We can now forget our preliminary ideas of the meaning of the p(A) in F. Instead we can apply the three postulates A, B, C to the lattice G of meta-events. After having thus given an interpretation (in the preliminary sense) to the p in G, we use (8.2) to deduce an interpretation of the p in F. It is exactly what postulate D says: p(A) is the expectation value of the relative frequency of A. If we now remember again how we would have interpreted the p in F without this construction, we would only have used A, B, C This preliminary concept is now justified as a weaker formulation of D. The concepts ‘practically,’ ‘approximately,’ ‘expectation’ can now be more precisely interpreted by estimating probable errors. The mathematical “law of large numbers” proves that the expectation values of these errors tend to zero as N increases.
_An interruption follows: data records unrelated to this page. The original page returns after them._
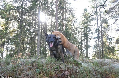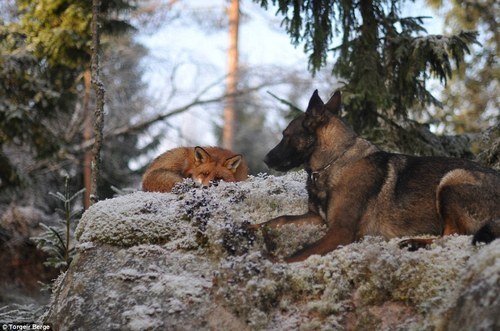 Today the Department of Unexpected Interspecies Friendship shows us a real life example of The Fox and the Hound currently taking place in a forest in Norway. Sniffer the wild fox and Tinni the domestic dog first met by chance while Tinni was out for a walk with his human, photographer Torgeir Berge. The unlikely pair became fast friends and now Torgeir photographs their heartwarming daily encounters. Sniffer and Tinni frolic in their secluded woodland playground until they’ve tired each other out, at which point they settle down and relax together.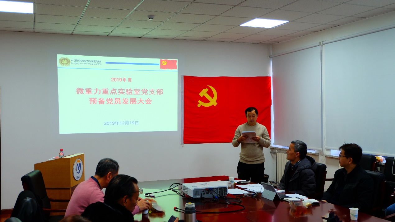 12月19日上午,微重力党支部召开支部全体党员大会。会议围绕党委委员讲党课,支部书记年度述职,预备党员发展,民主评议交流,等环节展开。所党委副书记、纪委书记魏炳忱,党委委员龙勉以一名普通党员的身份参加了会议。会议邀请所党委委员张新宇、党办主任朱国立参加。会议由支部副书记王双峰主持。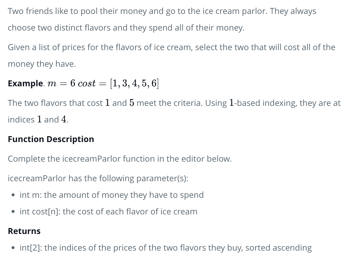 Study/문제풀이 [hackerrank] Ice Cream Parlor (Python) - 728x90 문제 (링크) 아이스크림 가게에 간 두 친구, 출금한 돈에 딱 맞게 두 개의 아이스크림을 사려고 함 쓸 수 있는 돈과 각 아이스크림의 가격이 담긴 리스트가 주어짐 가격표의 index는 1부터 시작! 가격에 맞게 살 수 있는 아이스크림 가격의 index를 return 파이썬 풀이 def icecreamParlor(m, arr): # Write your code here pick = [] for i, v in enumerate(arr[:-1]): for j, w in enumerate(arr[i+1:]): if v+w == m: pick.extend([i+1, i+j+2]) return pick 굳이 가격표를 처음부터 순회할 필요가 없다~ 728x90 공유하기 게시글 관리 TalkativeResearch Engineer 저작자표시 비영리 변경금지 (새창열림) 'Study > 문제풀이' 카테고리의 다른 글 [hackerrank] Binary Search Tree : Lowest Common Ancestor (Python) (0) 2023.08.16 [hackerrank] balanced brackets (Python) (0) 2023.06.27 [hackerrank] Sherlock and the Valid String (Python) (1) 2023.06.21 [hackerrank] Tower Breakers (python) (0) 2023.06.18 [leetcode] 리트코드 706번 해시맵 디자인 (1) 2023.02.01 Contents 당신이 좋아할만한 콘텐츠 [hackerrank] Binary Search Tree : Lowest Common Ancestor (Python) 2023.08.16 [hackerrank] balanced brackets (Python) 2023.06.27 [hackerrank] Sherlock and the Valid String (Python) 2023.06.21 [hackerrank] Tower Breakers (python) 2023.06.18 댓글 0 + 이전 댓글 더보기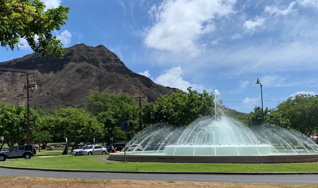 Now that I am back to swimming frequently, I drive by this fountain several times a week. And each time I get a visceral reaction! The LIGHT. The WATER. And Diamondhead in the background! I long to take a photo so I can SHARE the beauty. But, I’m driving. Sigh. But the other day there was no traffic behind me. . . and so I slowed down . . . and snapped three quick shots! Vola!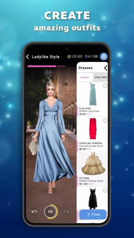 2、提供独家和无尽的服装、配饰、头发和化妆选项,让你自由选择打造自己的时尚风格;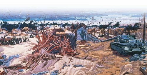 The Embroidery's tone is, naturally, quite patriotic, although some panels do depict Allied casualties in a way which brings home the stark reality of war. It could be argued that certain important events that were not included such as the failed Dieppe Raid, August 1942, in which 1,027 Canadian troops lost their lives in a landing exercise that taught D-Day commanders important lessons should have been, although with space at a premium, the composition is always likely to stimulate debate. However, despite these historical discrepancies, the embroidery certainly provides a useful and entertaining learning tool, especially for the young, and there can be no doubt that it represents an outstanding piece of appliqué needlework. In terms of quality, a remarkable consistency has been achieved, although it should be said that some panels are better than others. Compare, for example, the Spitfires on Panel 12 (the addition of bright pieces of cloth on top of the fuselage and cowl make each one appear rather box-like) with the amazing Panel 30, which brilliantly captures the aftermath of the Battle of Caen. Interestingly, Panel 30 was made as an afterthought; originally, there were only 33 panels, but Lord Dulverton felt the difficult and bloody struggle for the strategically important French town should not be left out.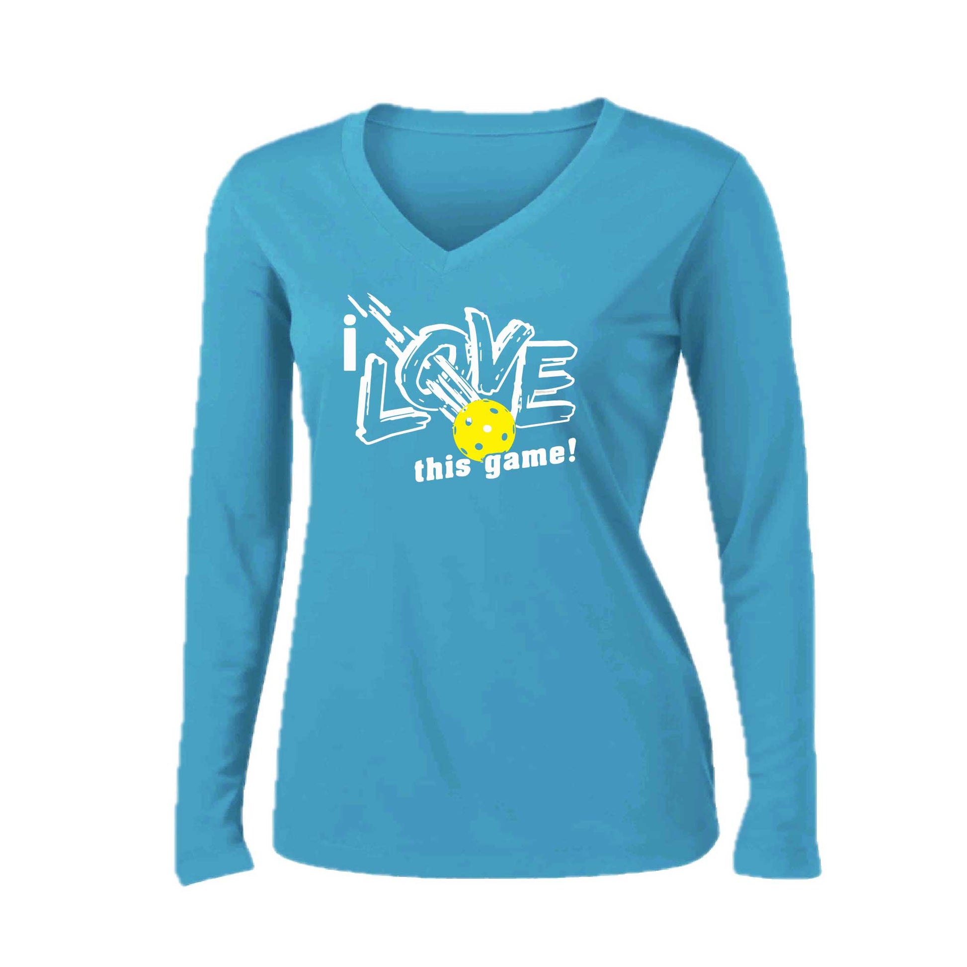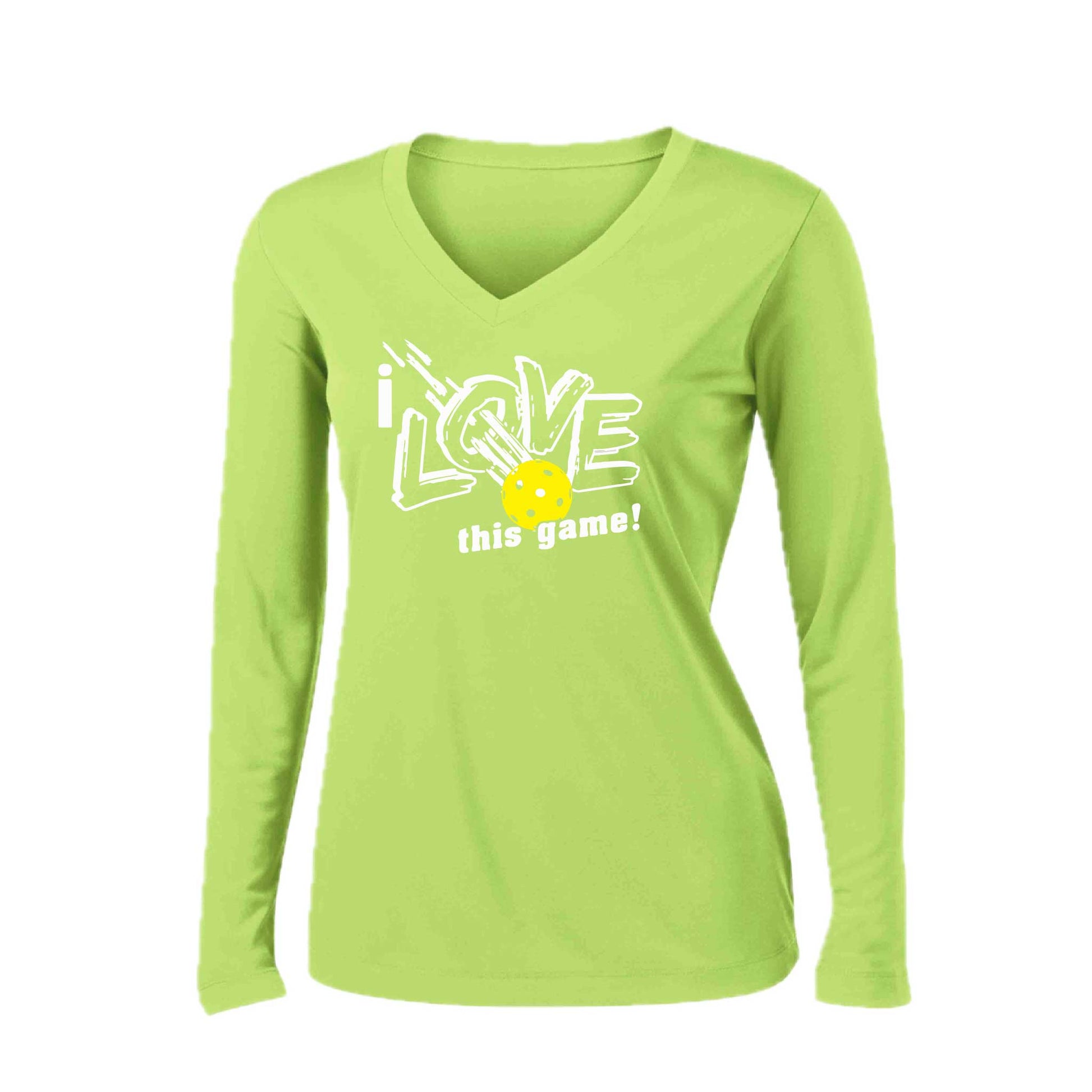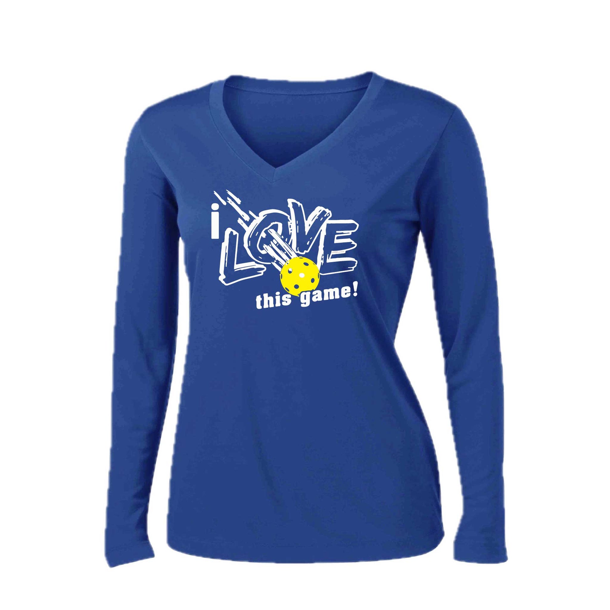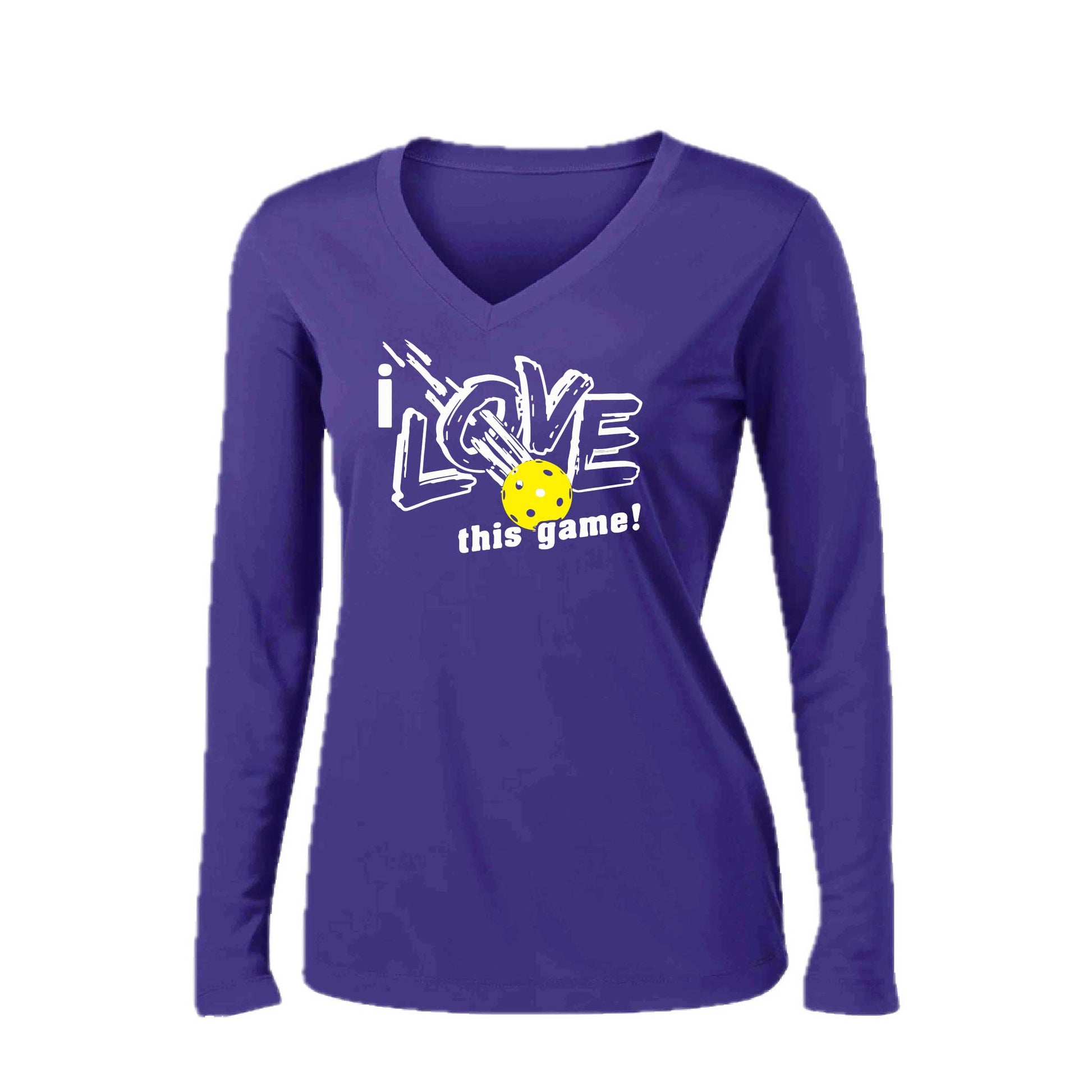 I Love This Game | Women’s Long Sleeve V-Neck Pickleball Performance T-Shirt | 100% Polyester

What have we gained epistemologically? We have not gotten rid of the imprecise preliminary concepts, we have merely transferred the lack of precision from events to meta-events, i.e., to large ensembles of events. The physical semantics for probabilities rest on the preliminary semantics for meta-probabilities. This is a more precise expression of our earlier statement, that a probability can only be empirically tested with some degree of probability. The solution of the paradox lies in its acceptance as a phenomenon; no theory of empirical probabilities can be meaningfully expected to yield more than this justification, which at least makes its consistency more evident.

If we wish, we can iterate our process and call this ladder of meta-probabilities a “recursive definition” of probability. While a typical recursive definition offers a fixed starting point (n = 1) and a rule of recursion from n + 1 to n, the recursion here can go as high as we like. At some step of the ladder we must halt and rely on the preliminary concepts. Due to the “law of large numbers” it will suffice for this highest step to postulate A and B. This will yield A, B, and C for the next lower step, and D for the ones below that.

8.3 Empirical Determination of Probabilities

We distinguish the probability of an event from the probability of a rule, but assume, however, (in contrast to Carnap’s 1962 Footnote 7) that the two quantities are of exactly the same nature but at different levels of the application. The probability of an event x is the prediction (the expectation value) of the relative frequency f(x) with which an event of this type x will occur, upon frequent repetitions of the experiment in which x can happen. The content of a rule (an “empirical law of nature”) is the specification of probabilities of events. Rules always specify conditional probabilities: “If y then x will occur with the probability p(x).” But in the same way, by the conditional probability one also means the probability of an event. After all, the relative probability can only be measured if “the same” experiment is always performed, i.e., if equivalent conditions are realized. One can say that empirically testable probabilities are by nature conditional probabilities. The probability of a rule is now meant as the probability that the rule is ‘true.’ An empirical rule is true if it proves itself in experience. Its probability is then the prediction of the relative frequency with which just that rule R proves itself, upon frequent repetitions of the same empirical situation for testing that rule. This initially formal definition we have only to elucidate in detail, and we naturally arrive at an interpretation of Bayes’ rule. What we are looking for can simply be called an iterated probability P(p(x)). In Zeit und Wissen II.4.4bFootnote 8 we will see that one does better to speak of a “higher-order probability” P(f(x)). For the present discussion such finesse does not matter.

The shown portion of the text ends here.